The banking system’s capital base sustained a continuing build-up. The semester recorded a P6.9 billion increase from end-June 2001. This was mostly contributed by private domestic commercial banks that put in P6.8 billion.
For the semester ended June 2002, NIAT amounted to P14.1 billion or a staggering 100.8 percent growth from semester ended June 2001 NIAT of P7.1 billion. On account of the improvement in earnings, the cost-to-income ratio of the banking system improved to 76.3 percent from 80.0 percent a year ago. The comparative cost-to-income ratios bear out foreign bank branches as consistently the most cost-efficient as a group, with an efficiency level even above the overall banking industry. This was followed by government banks. On the other hand, private domestic commercial banks tracked the average cost-efficiency level of the industry. Foreign bank subsidiaries, domestic thrift banks, and rural banks reported below the industry cost efficiency levels.
The return on assets (ROA) for the period at 0.7 percent was an improvement from the 0.4 percent a year ago. Return on equity (ROE) likewise improved to 4.8 percent from 3.1 percent in the relative period of last year.
As of end-June 2002, the number of operating banks was fewer by 11 players on account of 5 cases of mergers, the closure of a thrift bank, a cooperative bank and 6 rural banks. Along with it was the reduction of branch network by 82 banking offices. The Bank of China was the semester’s lone entrant to the banking system.

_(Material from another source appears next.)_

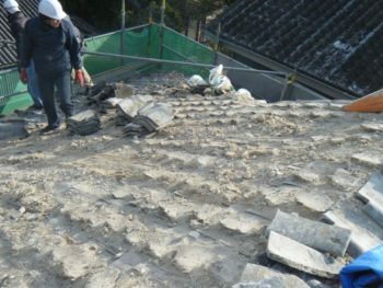 泥葺きの日置瓦で、いたるところの瓦がズレ落ちてきている状態でした

Consequently, the number of industry participants now number 918 (vs. 929 end-December 2001) with 6,525 (vs. 6,599 end-December 2001) branches/other offices. The operating banks consist of 44 commercial banks, 98 thrift banks, and 776 rural banks.
The main obstacle to the full normalization of banking activity remained the large overhang of non-performing assets that has left banks with little maneuvering room. Unless and until this is decisively resolved, the system will remain trapped in low level equilibrium. On a hopeful note, the House of Representatives managed to pass in March 2002 the so-called SPAV bill which would facilitate the creation of asset management companies that can help clean out non-performing assets. Unfortunately, the counterpart bill at the Senate was bogged down. However, as latebreaker, the Senate finally managed to pass its version in October 2002, setting the stage for a bicameral conference committee and possibly a signed law by November 2002.

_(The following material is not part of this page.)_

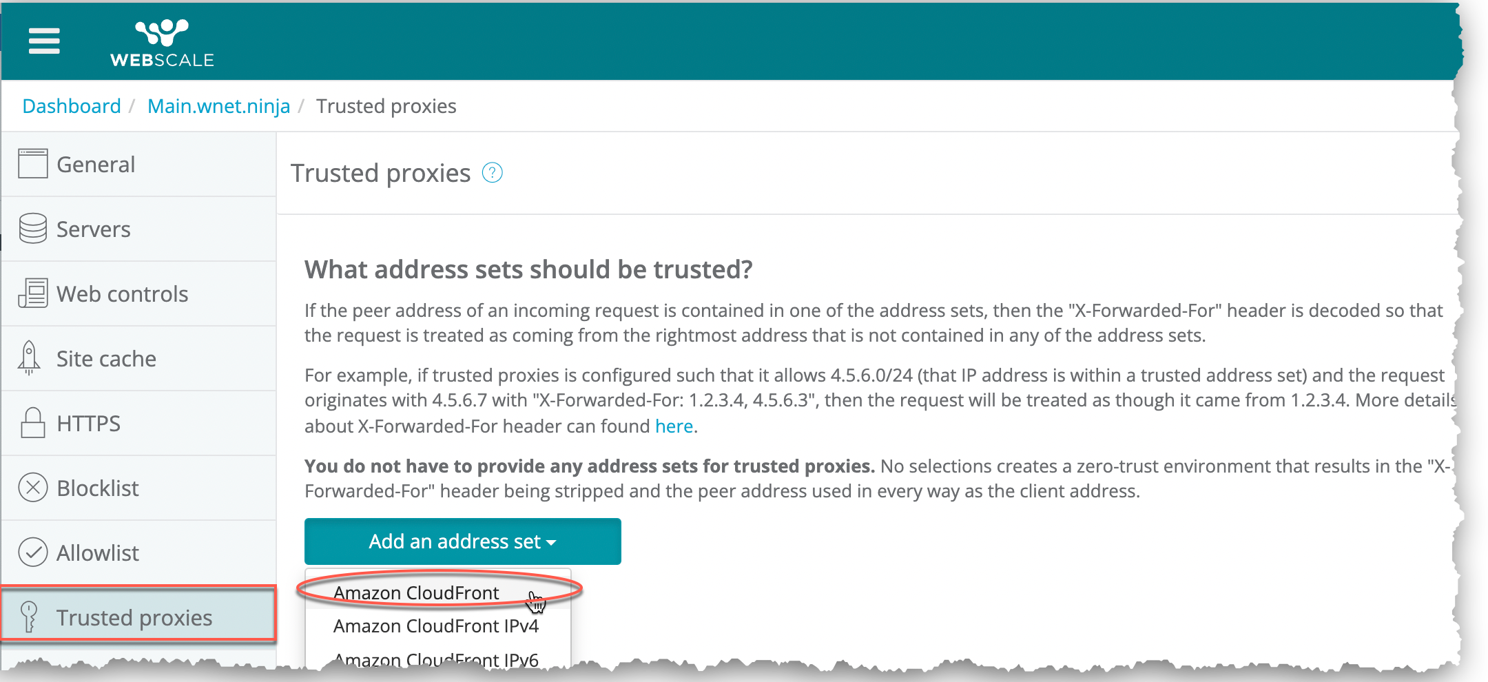 The Trusted Proxies feature enables you to designate proxy IP addresses for providers that you trust. You can add trusted proxies through the Webscale Control Panel. To use this feature, select address sets with provider IP addresses and choose to enable it.

Important qualitative progress was made as well particularly in promoting improved corporate governance in banks. The mandatory bank director education program finally got off the ground. This new Bangko Sentral program ambitiously aims to expose every bank director, from the mightiest universal bank to the smallest rural bank, to world class level corporate governance practices appropriate to their particular industry segment. This is an important element of a three-pronged approach to strengthen the financial system by improving the quality of internal corporate governance, enhancing the quality of bank supervision, and strengthening the role of market discipline.
The Bangko Sentral has also moved to put in place critical market structure that had long been missing. An important project is the large payments settlement system by way of an RTGS (real-time gross settlement) which would be operated by year-end. The Bangko Sentral is also supporting the plan of the Bankers Association of the Philippines to set up a Fixed Income Exchange which could serve as an efficient and transparent trading platform for debt securities. These serve as major steps towards developing a domestic capital market to complement the financial services of the banking system.